[Extracted data entries]
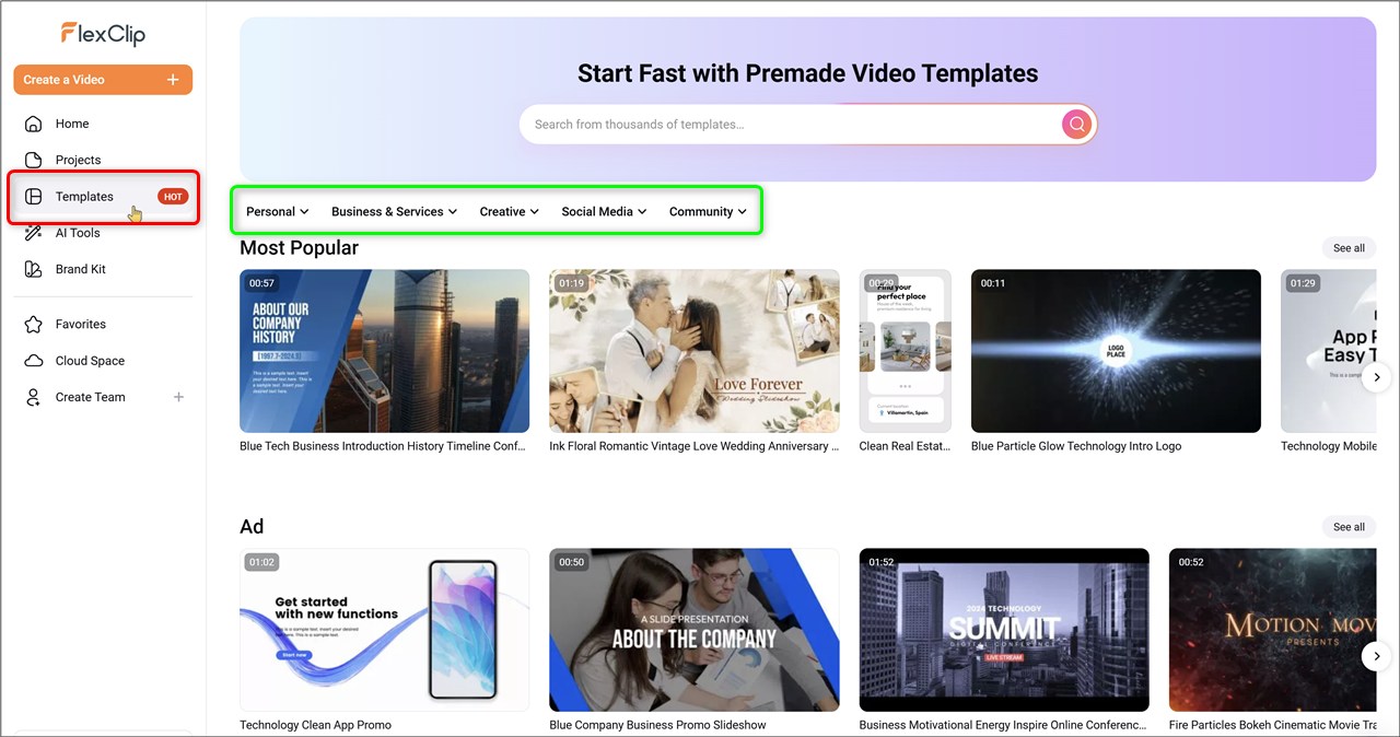 A major productivity boost in FlexClip comes from the template and stock media libraries. With thousands of customizable templates, you can create a social media ad, a YouTube intro, or a product promo in minutes.
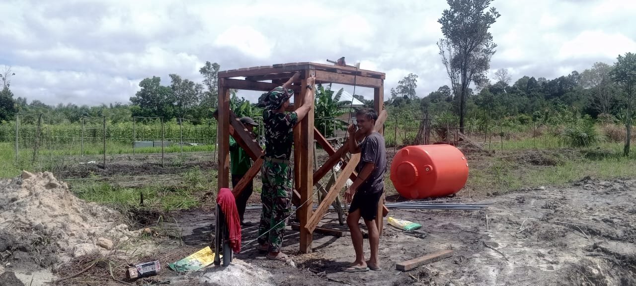 Gotong Royong Satgas TMMD dan Warga Bangun Tandon Air di Desa Wungkur Baru
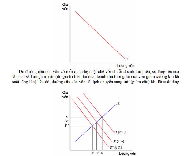 Với lãi suất đã cho, đường cầu vốn là giá trị hiện tại của chuỗi doanh thu biên của vốn tạo ra tại mỗi mức vốn cụ thể. Nếu các nguồn lực khác vẫn không đổi, doanh thu biên của vốn sẽ giảm xuống (trong mỗi thời kỳ). Vì vậy, chúng ta nhận thấy đường cầu của vốn là đường dốc xuống như trong biểu đồ dưới đây.
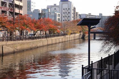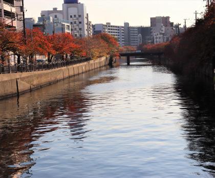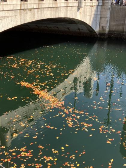 この時期は、川沿いに並ぶ桜の木が見事に紅葉していて、とても綺麗です。
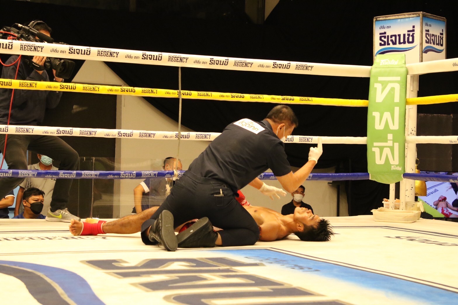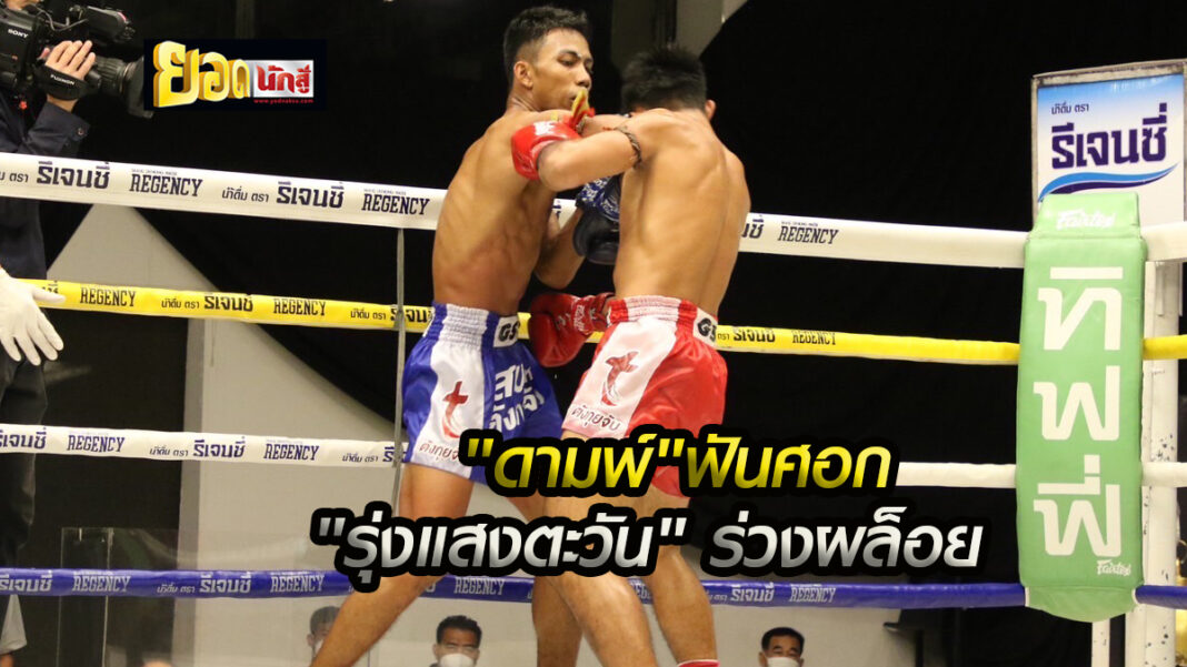 ดามพ์ พรัญชัย หรือเสือดาม ส.คงมี ดักฟันศอกขวาเข้าเต็มกรามชนะน็อก รุ่งแสงตะวัน ส.พาราษฎร์ ในยกที่ 3 ศึกมวยไทย 7 สี
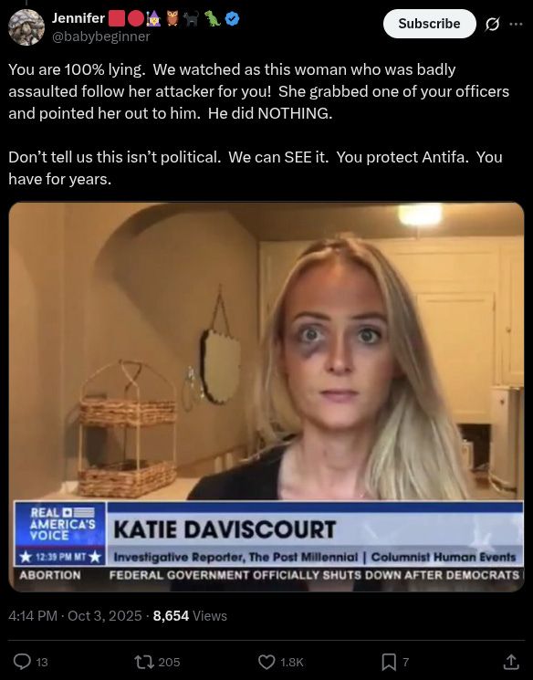 His claims are supported by allegations that the Portland Police Bureau has failed to arrest or identify individuals who allegedly assaulted other conservative journalists, including Katie Daviscourt, highlighting what he sees as a double standard in law enforcement’s response to different groups.
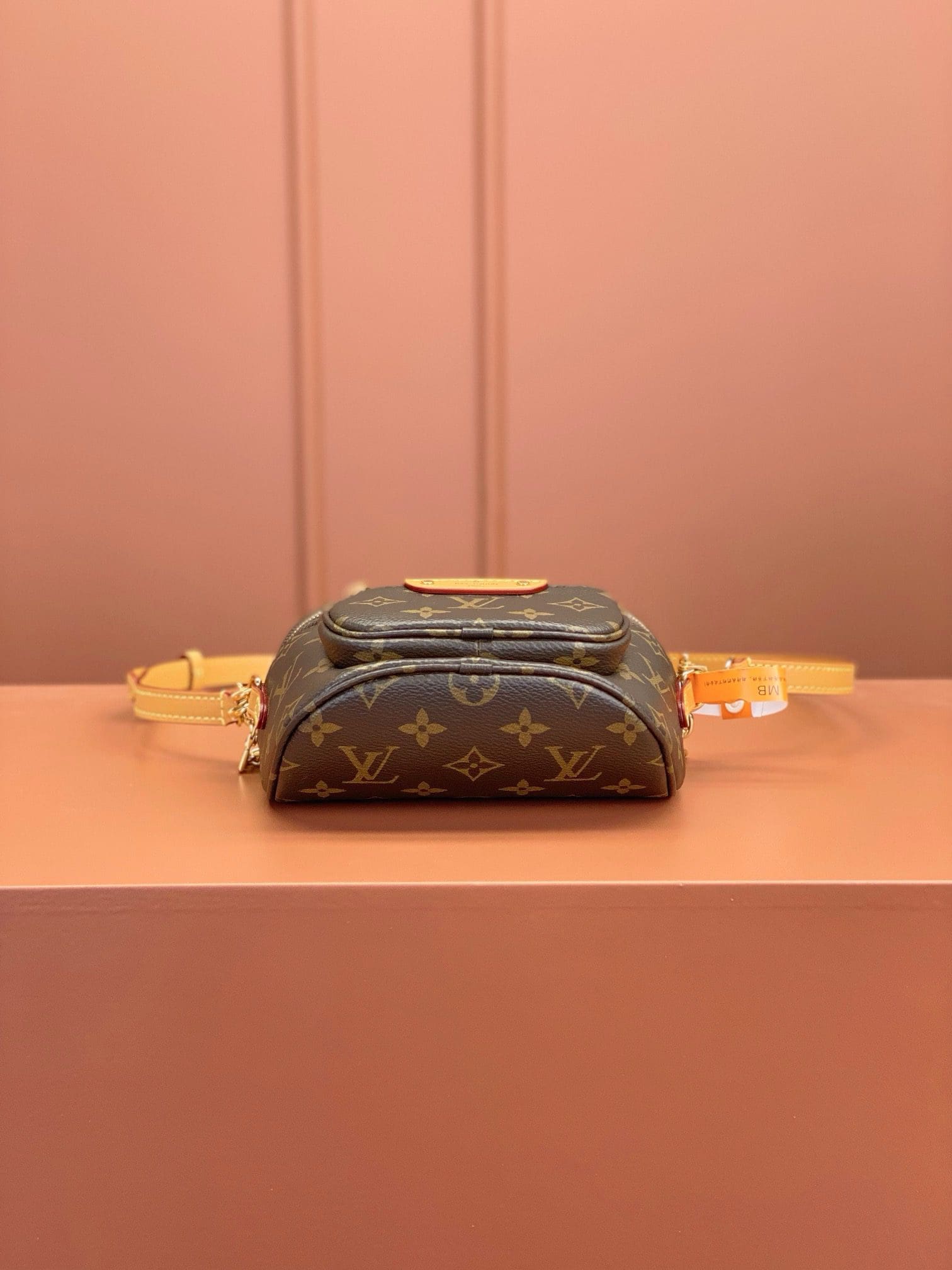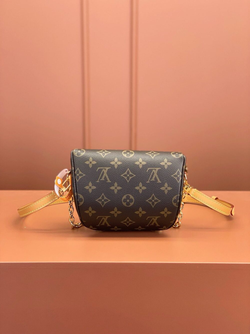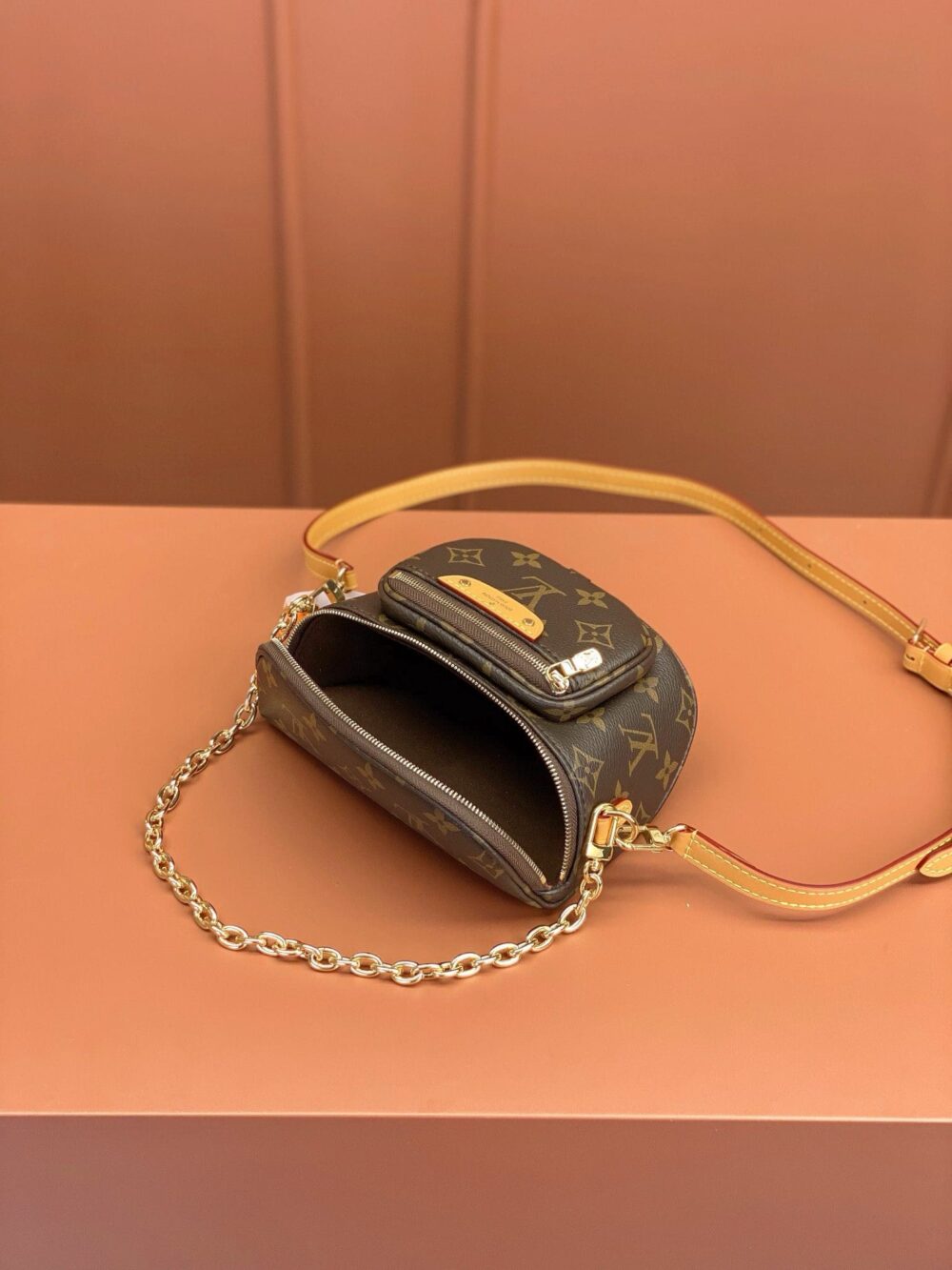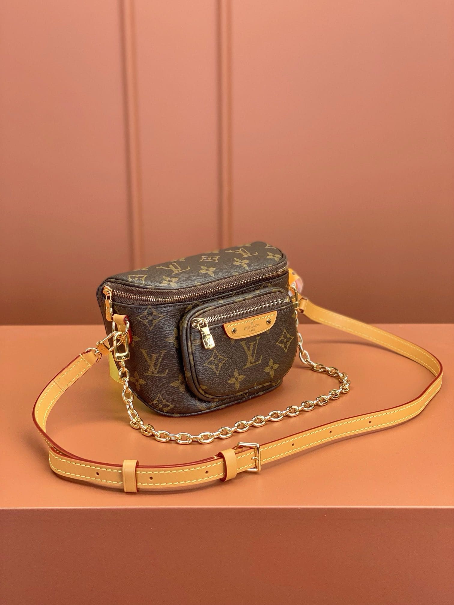 The Mini Bumbag in Monogram canvas is Louis Vuitton’s feminine interpretation of the on-trend bumbag format. Designed for versatility, it features a removable, adjustable strap in the House’s emblematic natural leather, as well as a removable gold-tone chain, which can be functional or decorative. The bag has a zipped main compartment and a zipped front pocket with an embossed leather tag.
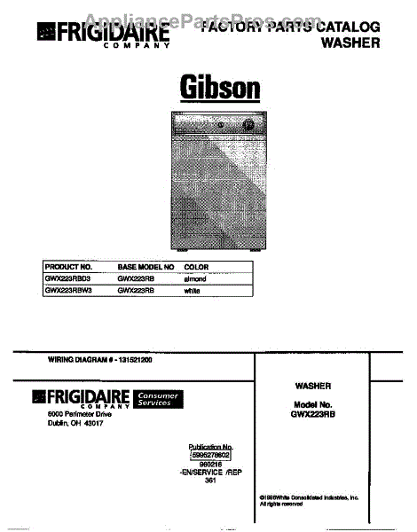 Parts for Frigidaire GWX223RBD3: 01 - Cover Parts
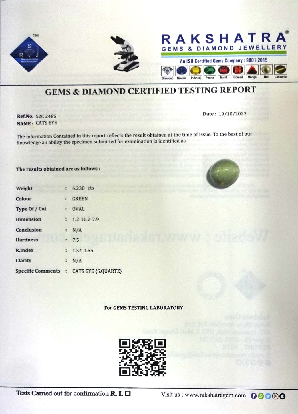 | SPECIFIC COMMENTS: | CATS EYE {S.QUARTZ} |

How to complete this task. With the pictures omitted, print precisely the lines from the one with "Gotong Royong Satgas" to the final line of the records, both included.

Written solution.
 Gotong Royong Satgas TMMD dan Warga Bangun Tandon Air di Desa Wungkur Baru
 Với lãi suất đã cho, đường cầu vốn là giá trị hiện tại của chuỗi doanh thu biên của vốn tạo ra tại mỗi mức vốn cụ thể. Nếu các nguồn lực khác vẫn không đổi, doanh thu biên của vốn sẽ giảm xuống (trong mỗi thời kỳ). Vì vậy, chúng ta nhận thấy đường cầu của vốn là đường dốc xuống như trong biểu đồ dưới đây.
 この時期は、川沿いに並ぶ桜の木が見事に紅葉していて、とても綺麗です。
 ดามพ์ พรัญชัย หรือเสือดาม ส.คงมี ดักฟันศอกขวาเข้าเต็มกรามชนะน็อก รุ่งแสงตะวัน ส.พาราษฎร์ ในยกที่ 3 ศึกมวยไทย 7 สี
 His claims are supported by allegations that the Portland Police Bureau has failed to arrest or identify individuals who allegedly assaulted other conservative journalists, including Katie Daviscourt, highlighting what he sees as a double standard in law enforcement’s response to different groups.
 The Mini Bumbag in Monogram canvas is Louis Vuitton’s feminine interpretation of the on-trend bumbag format. Designed for versatility, it features a removable, adjustable strap in the House’s emblematic natural leather, as well as a removable gold-tone chain, which can be functional or decorative. The bag has a zipped main compartment and a zipped front pocket with an embossed leather tag.
 Parts for Frigidaire GWX223RBD3: 01 - Cover Parts
 | SPECIFIC COMMENTS: | CATS EYE {S.QUARTZ} |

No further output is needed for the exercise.